● Requirement
The answer must be the lines from the one that holds "除了pie全开,同时开了沙箱,禁用execve函数,拖入ida中分析。" through the final line of the data, copied exactly, with no pictures.

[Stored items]
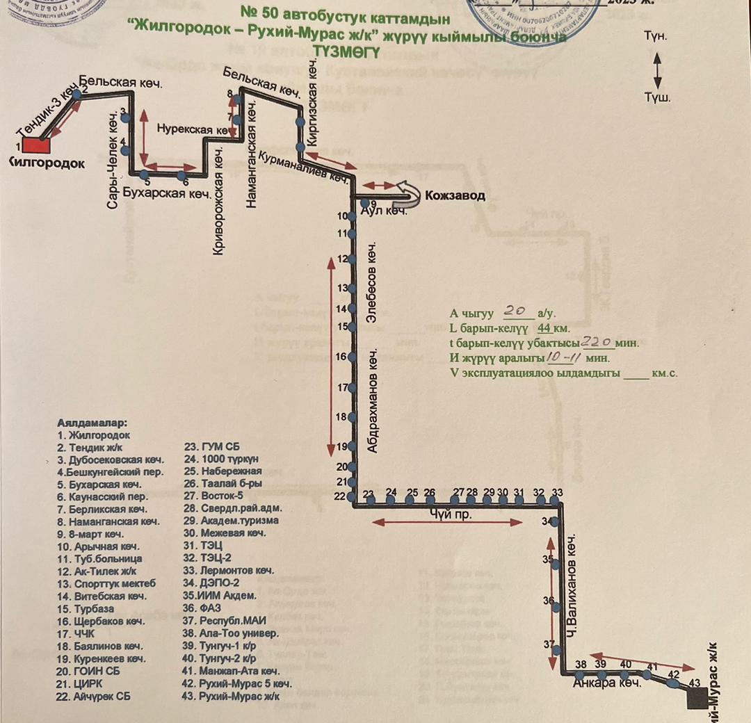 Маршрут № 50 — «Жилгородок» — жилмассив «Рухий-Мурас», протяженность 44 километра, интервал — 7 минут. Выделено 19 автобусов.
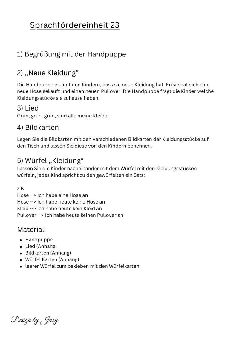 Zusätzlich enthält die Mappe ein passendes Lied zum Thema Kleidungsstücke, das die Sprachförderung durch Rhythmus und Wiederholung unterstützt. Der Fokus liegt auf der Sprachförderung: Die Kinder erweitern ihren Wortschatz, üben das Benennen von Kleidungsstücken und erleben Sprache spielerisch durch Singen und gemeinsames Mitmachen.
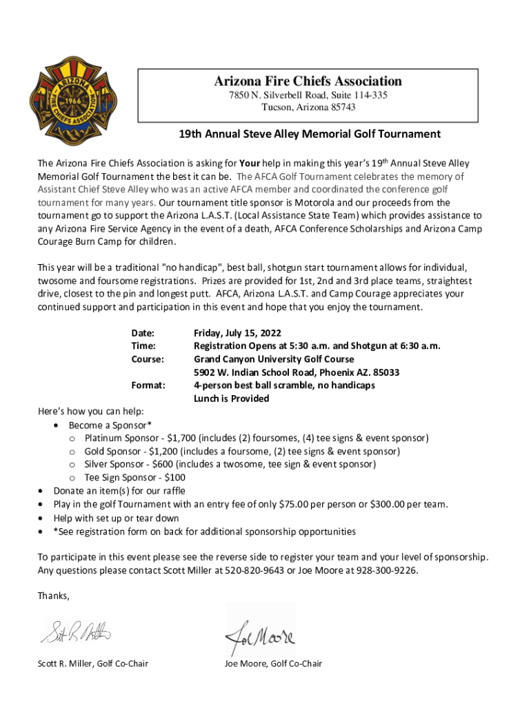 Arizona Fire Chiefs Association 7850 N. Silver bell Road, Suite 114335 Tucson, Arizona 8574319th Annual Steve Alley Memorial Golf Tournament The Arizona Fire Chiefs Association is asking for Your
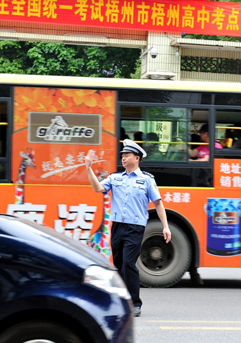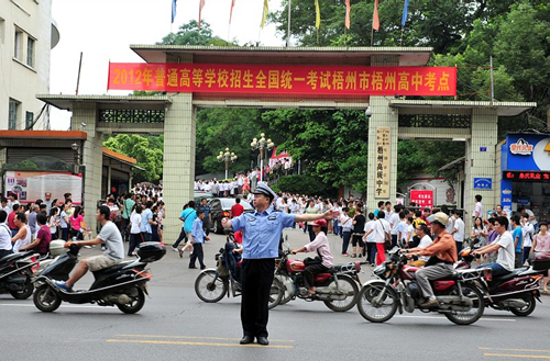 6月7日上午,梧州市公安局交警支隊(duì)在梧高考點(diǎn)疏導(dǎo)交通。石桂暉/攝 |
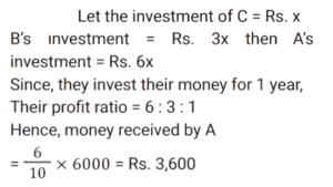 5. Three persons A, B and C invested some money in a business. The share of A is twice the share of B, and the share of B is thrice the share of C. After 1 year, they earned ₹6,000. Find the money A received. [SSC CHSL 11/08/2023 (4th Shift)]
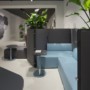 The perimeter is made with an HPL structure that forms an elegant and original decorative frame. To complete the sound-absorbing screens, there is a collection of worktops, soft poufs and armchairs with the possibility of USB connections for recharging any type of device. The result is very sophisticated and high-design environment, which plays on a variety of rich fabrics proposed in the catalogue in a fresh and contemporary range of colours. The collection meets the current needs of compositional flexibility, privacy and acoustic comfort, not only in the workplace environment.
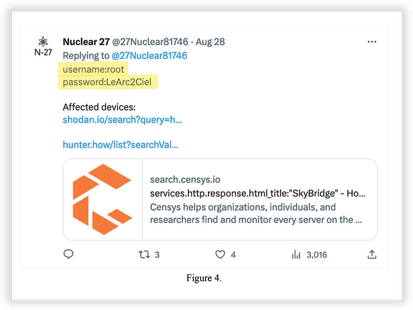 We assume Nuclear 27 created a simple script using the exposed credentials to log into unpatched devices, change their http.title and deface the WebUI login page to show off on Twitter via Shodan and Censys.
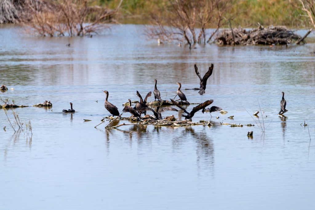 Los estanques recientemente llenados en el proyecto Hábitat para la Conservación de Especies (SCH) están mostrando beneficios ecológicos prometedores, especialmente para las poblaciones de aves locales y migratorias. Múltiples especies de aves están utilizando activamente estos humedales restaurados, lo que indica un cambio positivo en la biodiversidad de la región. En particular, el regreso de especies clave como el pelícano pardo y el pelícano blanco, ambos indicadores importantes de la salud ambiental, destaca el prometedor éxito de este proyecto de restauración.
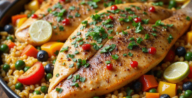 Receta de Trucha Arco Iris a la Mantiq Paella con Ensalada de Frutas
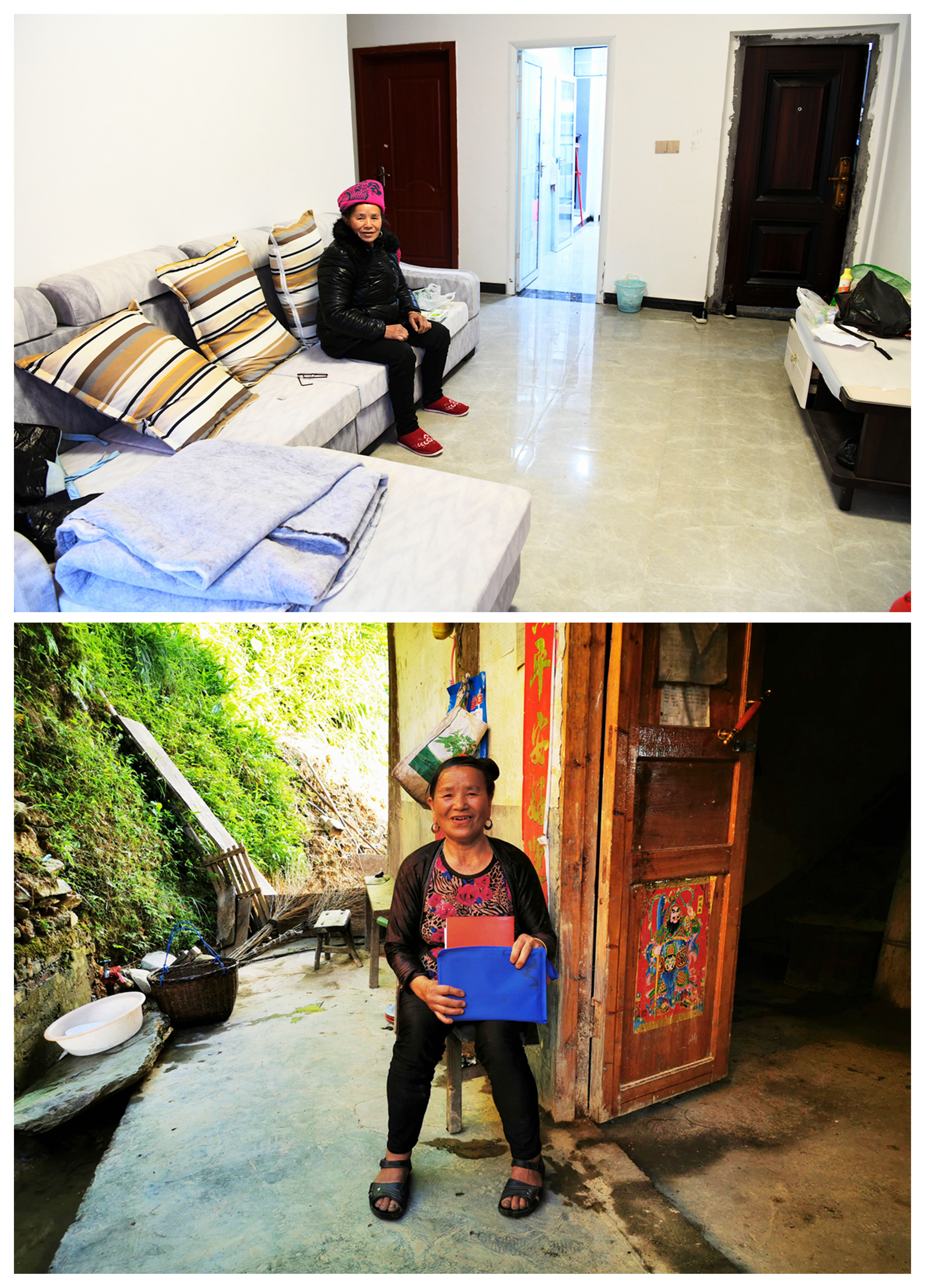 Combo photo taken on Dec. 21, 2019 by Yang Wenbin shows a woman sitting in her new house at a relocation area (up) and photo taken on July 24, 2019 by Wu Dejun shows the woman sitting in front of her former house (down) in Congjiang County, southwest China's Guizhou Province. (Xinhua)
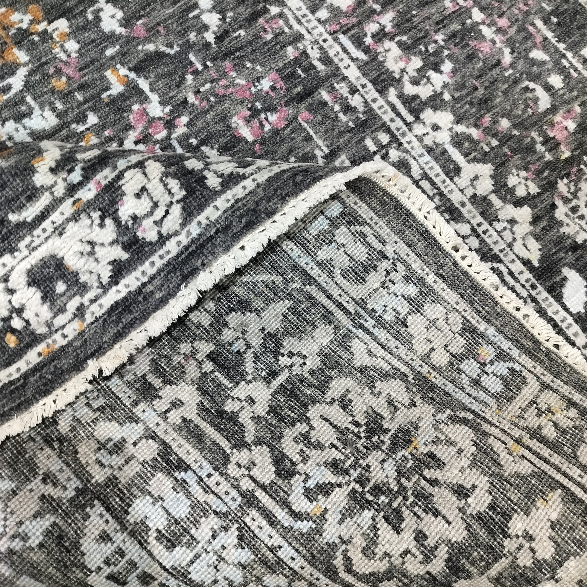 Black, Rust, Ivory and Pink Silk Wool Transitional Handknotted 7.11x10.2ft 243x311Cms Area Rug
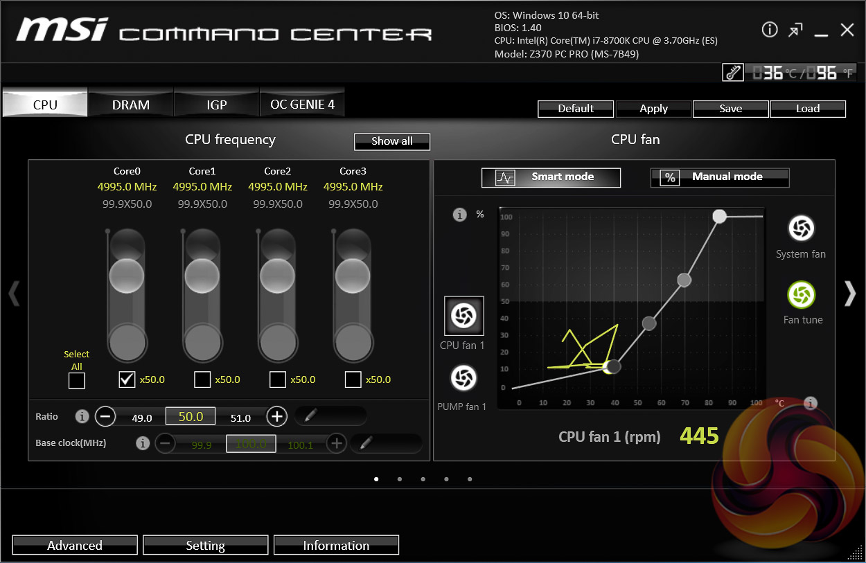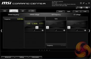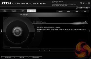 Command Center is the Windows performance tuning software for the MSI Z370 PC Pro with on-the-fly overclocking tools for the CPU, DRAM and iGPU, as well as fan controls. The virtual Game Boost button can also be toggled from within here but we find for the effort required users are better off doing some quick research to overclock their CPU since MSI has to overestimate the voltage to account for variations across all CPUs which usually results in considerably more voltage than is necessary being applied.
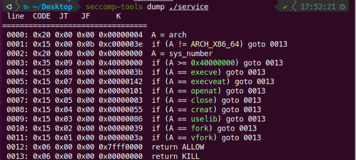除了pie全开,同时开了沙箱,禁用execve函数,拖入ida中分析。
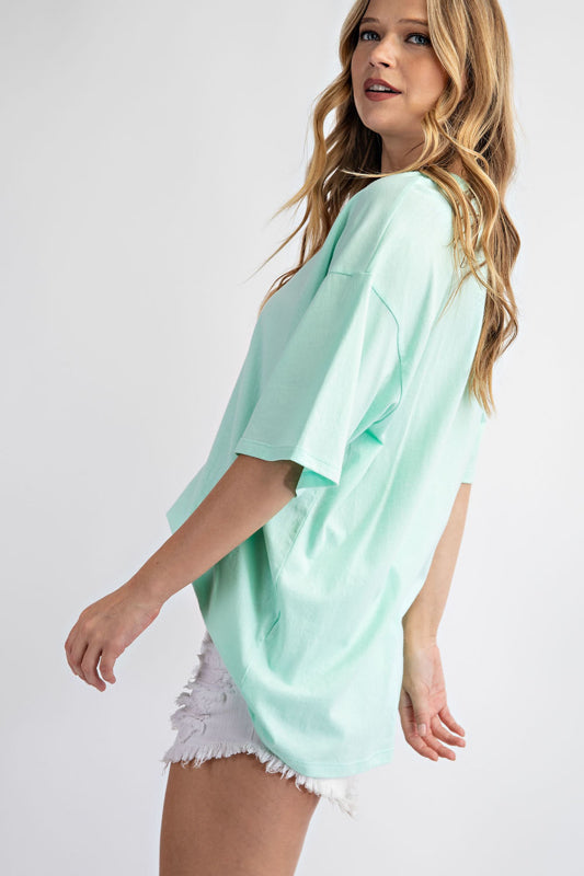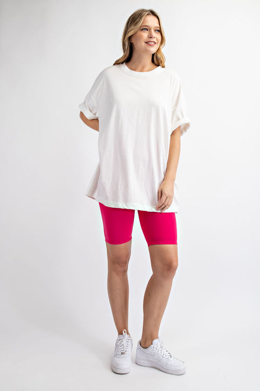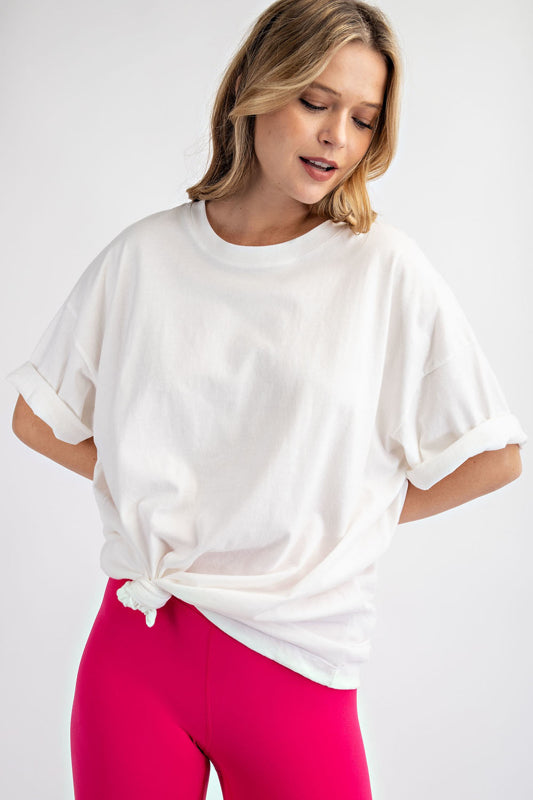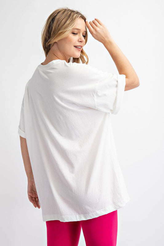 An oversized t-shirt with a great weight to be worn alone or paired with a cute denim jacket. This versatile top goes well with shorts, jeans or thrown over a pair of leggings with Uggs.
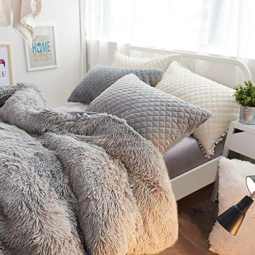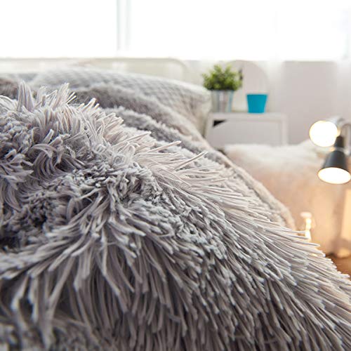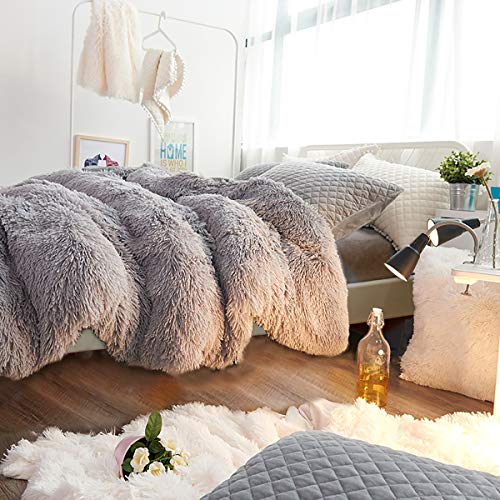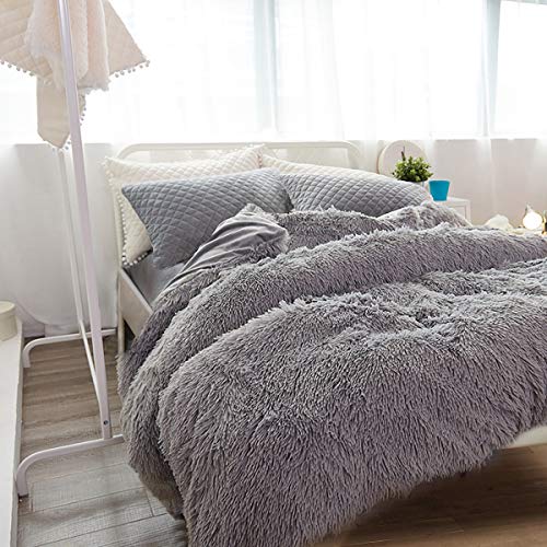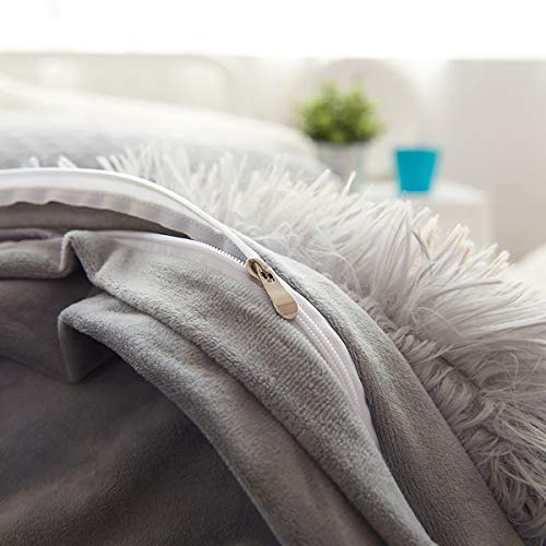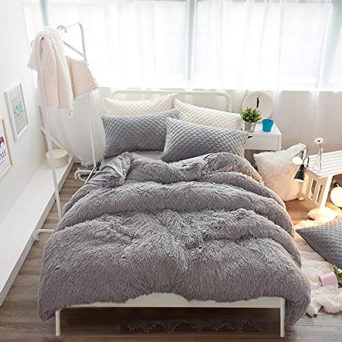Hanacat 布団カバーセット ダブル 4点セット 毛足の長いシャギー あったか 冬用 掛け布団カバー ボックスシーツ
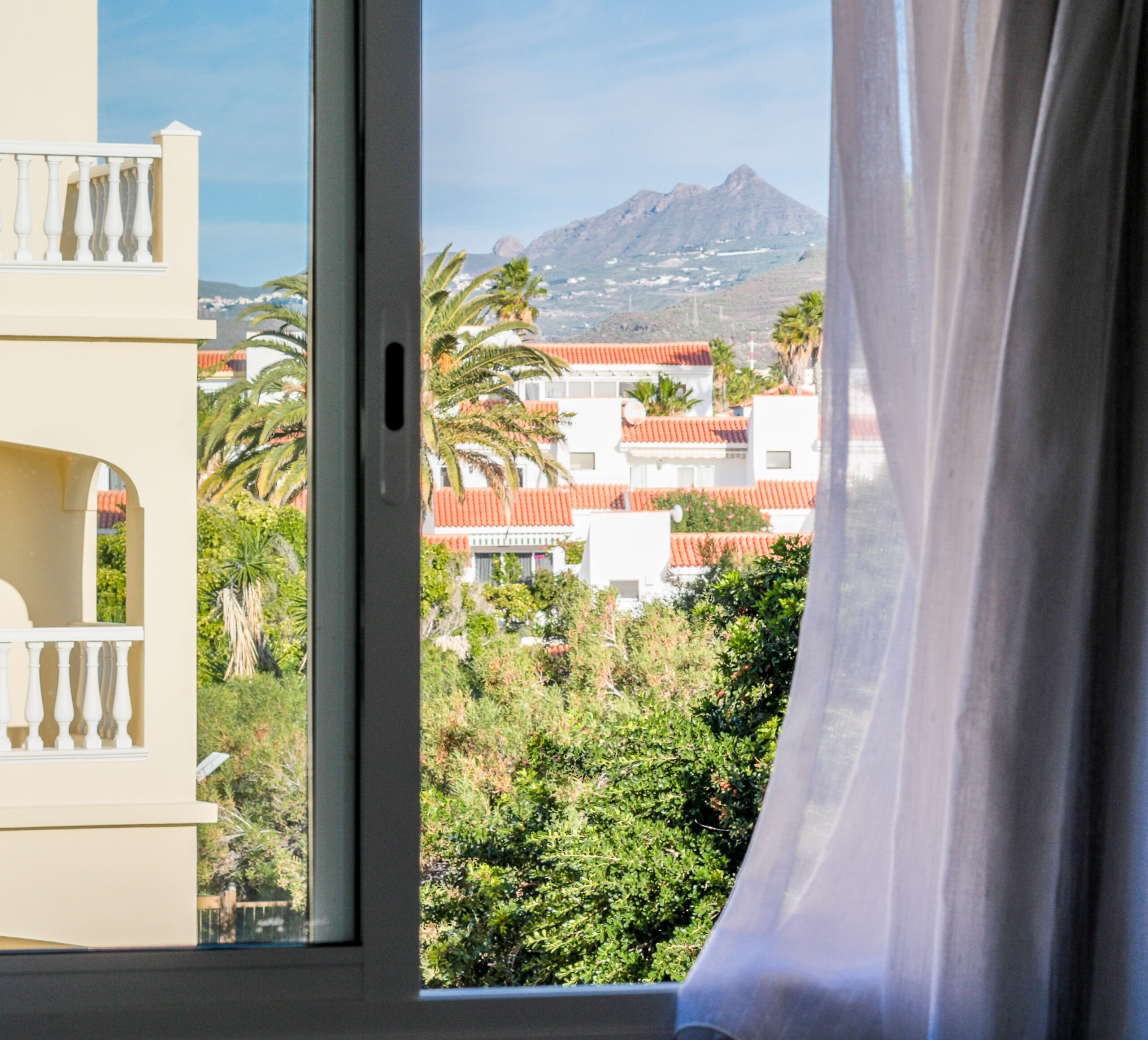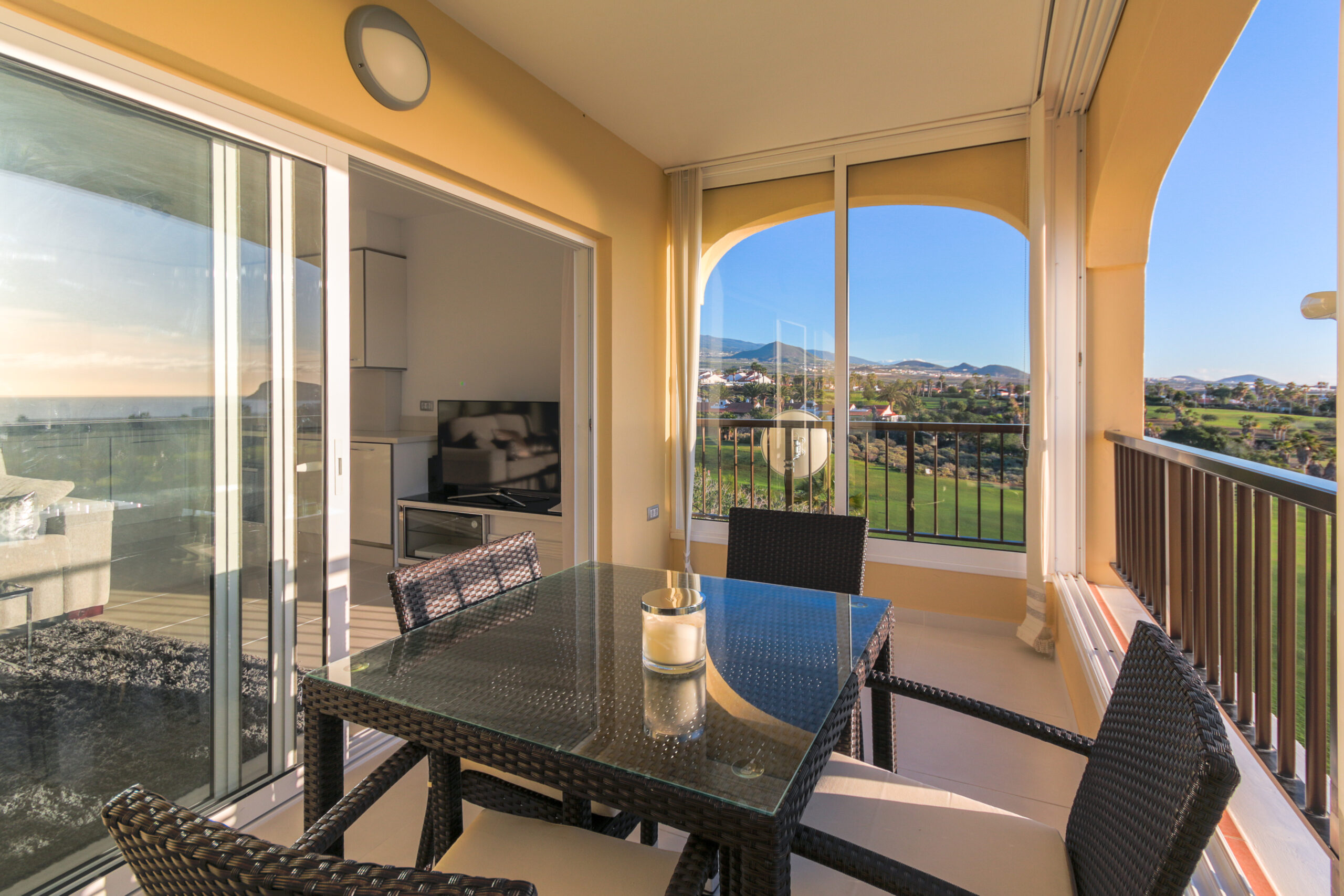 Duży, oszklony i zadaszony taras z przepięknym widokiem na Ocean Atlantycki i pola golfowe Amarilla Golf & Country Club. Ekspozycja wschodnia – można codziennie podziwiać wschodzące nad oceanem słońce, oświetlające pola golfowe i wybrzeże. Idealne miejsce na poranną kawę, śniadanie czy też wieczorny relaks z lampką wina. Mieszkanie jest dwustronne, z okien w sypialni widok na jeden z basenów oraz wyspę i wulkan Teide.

● Answer to the exercise
除了pie全开,同时开了沙箱,禁用execve函数,拖入ida中分析。
 An oversized t-shirt with a great weight to be worn alone or paired with a cute denim jacket. This versatile top goes well with shorts, jeans or thrown over a pair of leggings with Uggs.
Hanacat 布団カバーセット ダブル 4点セット 毛足の長いシャギー あったか 冬用 掛け布団カバー ボックスシーツ
 Duży, oszklony i zadaszony taras z przepięknym widokiem na Ocean Atlantycki i pola golfowe Amarilla Golf & Country Club. Ekspozycja wschodnia – można codziennie podziwiać wschodzące nad oceanem słońce, oświetlające pola golfowe i wybrzeże. Idealne miejsce na poranną kawę, śniadanie czy też wieczorny relaks z lampką wina. Mieszkanie jest dwustronne, z okien w sypialni widok na jeden z basenów oraz wyspę i wulkan Teide.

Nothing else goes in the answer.